RARA: What is the best advice or tip you can give a new and aspiring author?

Dan:  READ!  I have met authors who say they don’t read others work because they don’t want to be influenced or some nonsense. I say read anything, be critical, but learn from other folks styles. I have been lucky that other authors will speak with me, and give me advice. They’ve helped me turn a phrase, or write in a way that keeps people turning the pages.  A new author in the next town, who I met at a “meet local authors” day at a local library, calls just to ask questions about police or ghost hunting for his second novel.  I have asked his advice on other matters.  I have read his book, and enjoy his style.  I based my true crime book on a mix of styles from Mickey Spillane to James Ellroy.  Their style caught my attention, and I used a similar style for my cop book. The ghost books are first person with a lot of history, but written in an action-adventure style over a documentary style.  I have read newspapers from the mid-1800’s, when they had to use words and allegories because they didn’t have TV.  Those men could WRITE!  They capture your attention in a way today’s sanitized, homogenized, Formica styled “don’t offend anyone” newspapers can’t. You Were There! And that’s the style I use, where other ghost hunters write more like a documentary.  Very “Just the Facts, Ma’am.”   I want to place the reader at my elbow, seeing things, hearing things just as I did.  So my advice to new writers is to Read and to Write.  Find a style you like and make it your own.


Dan Terry is a native Missourian, a Coast Guard veteran, and he has been a police officer for 26 years.

He began ghost hunting shortly after getting his license to drive in 1979, inspired by the TV adventures of Carl Kolchack in the early 70s television show Kolchack: The Night Stalker. Once he joined the service, it became quickly apparent that he had to hide his interest in the paranormal and continued hiding it as he became a police officer in 1986.  While he continued to read and even look into the subject, including taking tours of reportedly haunted places, Dan did not resume his own hunting until TV’s “Ghost Hunters” brought the subject into the mainstream.
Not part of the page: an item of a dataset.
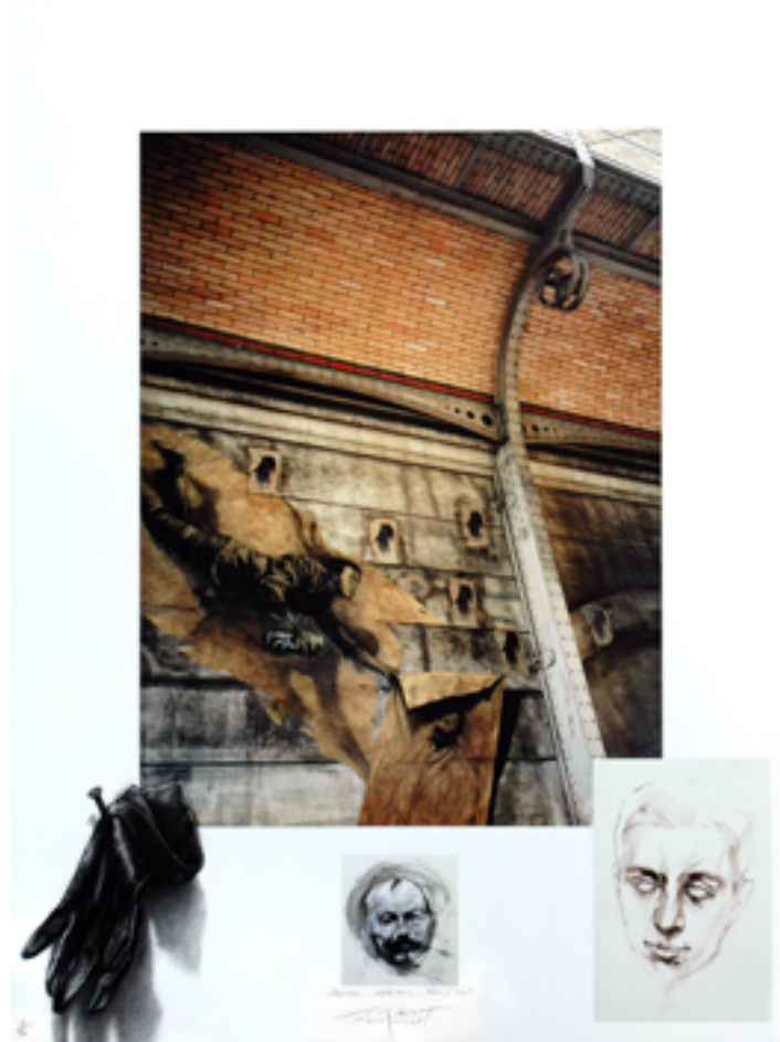
Estampe en hommage à Desnos par Ernest Pignon-Ernest

finalement évacué vers le camp de Theresienstadt en Tchécoslovaquie. C'est là qu'à bout de forces, atteint du typhus, il apprend la fin de la guerre et la défaite du nazisme. Il meurt le 8 juin 1945. Il est enterré au cimetière Montparnasse à Paris.
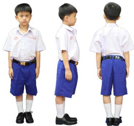
เครื่องแต่งกายชาย ชั้นประถมศึกษาปีที่ 1 - 3

1.6 ทรงผม ทรงนักเรียน ทรงอเมริกัน หรือ รองทรง (ตีนผมด้านข้างและด้านหลังต้องตัดให้ติดหนังศีรษะ ห้ามไว้จอนหรือปล่อยตีนผมแบบรอกไทร ส่วนยาวของผม ด้านหน้าต้องไม่ยาวเกินระดับคิ้วลงมา และห้ามใส่น้ำมันหรือเครื่องสำอางใดๆ

After learning the new methods from Greg Myers of the Missouri Paranormal Task Force, then called Missouri Paranormal Research, he took the name “Spookstalker” and began investigating haunted places once again. After writing a newspaper article on the subject, he was convinced to write books on the topic. He wrote articles in Haunted Times Magazine and has since written four books on haunted places: Beyond the Shadows, Missouri Shadows, Hermann Shadows, and River Shadows. In addition, Dan has written one book in the true crime genre, Nothing Ever Happens in New Haven.

He is currently working on a novel about an incident involving the murder of soldiers which took place during the Civil War in the local area. He makes his home with his wife Sherri in New Haven, Missouri.
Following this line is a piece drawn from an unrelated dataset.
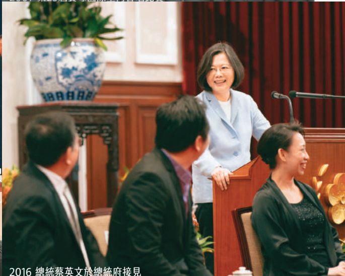
2016 總統蔡英文於總統府接見
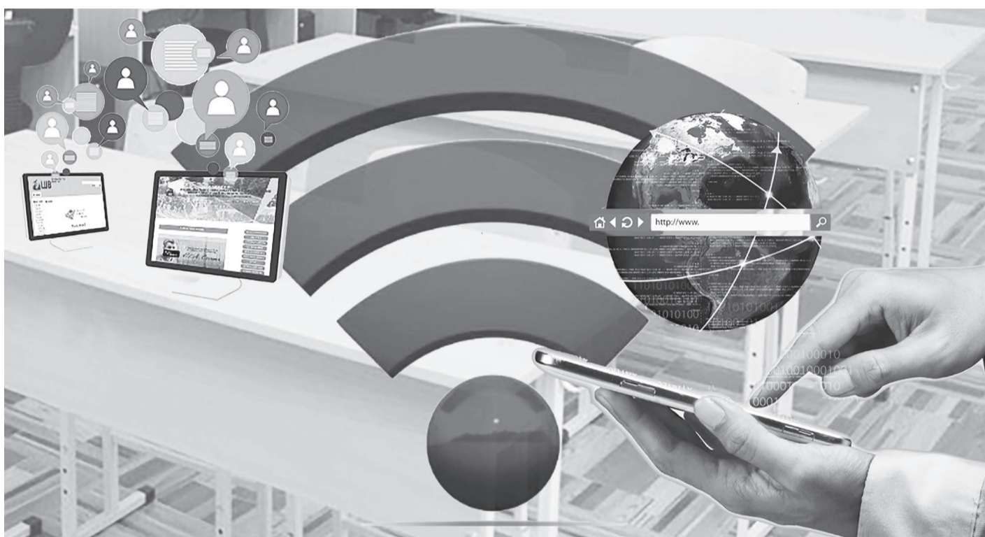
Коллаж жасаған А. Коптеева

Filed under Book Marketing, Book Media, Self Publishing Author

4 responses to “Author Interview: Ghost Hunter Tells All

  1. Can you leave more details about the lecture on the 30th in Owensville? Location?

    • Sure, I just got this new info from the author today:
      It will be held at the Gasconade County Historical Society Museum, which is on McFadden St. in Owensville. I heard today they moved it because they needed a larger room than originally believed. It will start at 6:30 and run an hour or so.

      Please introduce yourself to Dan if you can make it.


  2. Hey Dan ….Whats up ….How come no one ever told me about you Ghost hunting !!!! I do not know if your next book involves anything to do with Cedar Creek Conference Center ???? However, I used to work there ….. Lots of noises and things were always moved …..i cleaned there….when none were around …… Well, lots of stuff ….nothing bad ….the place has lots of history !!!! Just thought you would like to know and I always wondered !!!!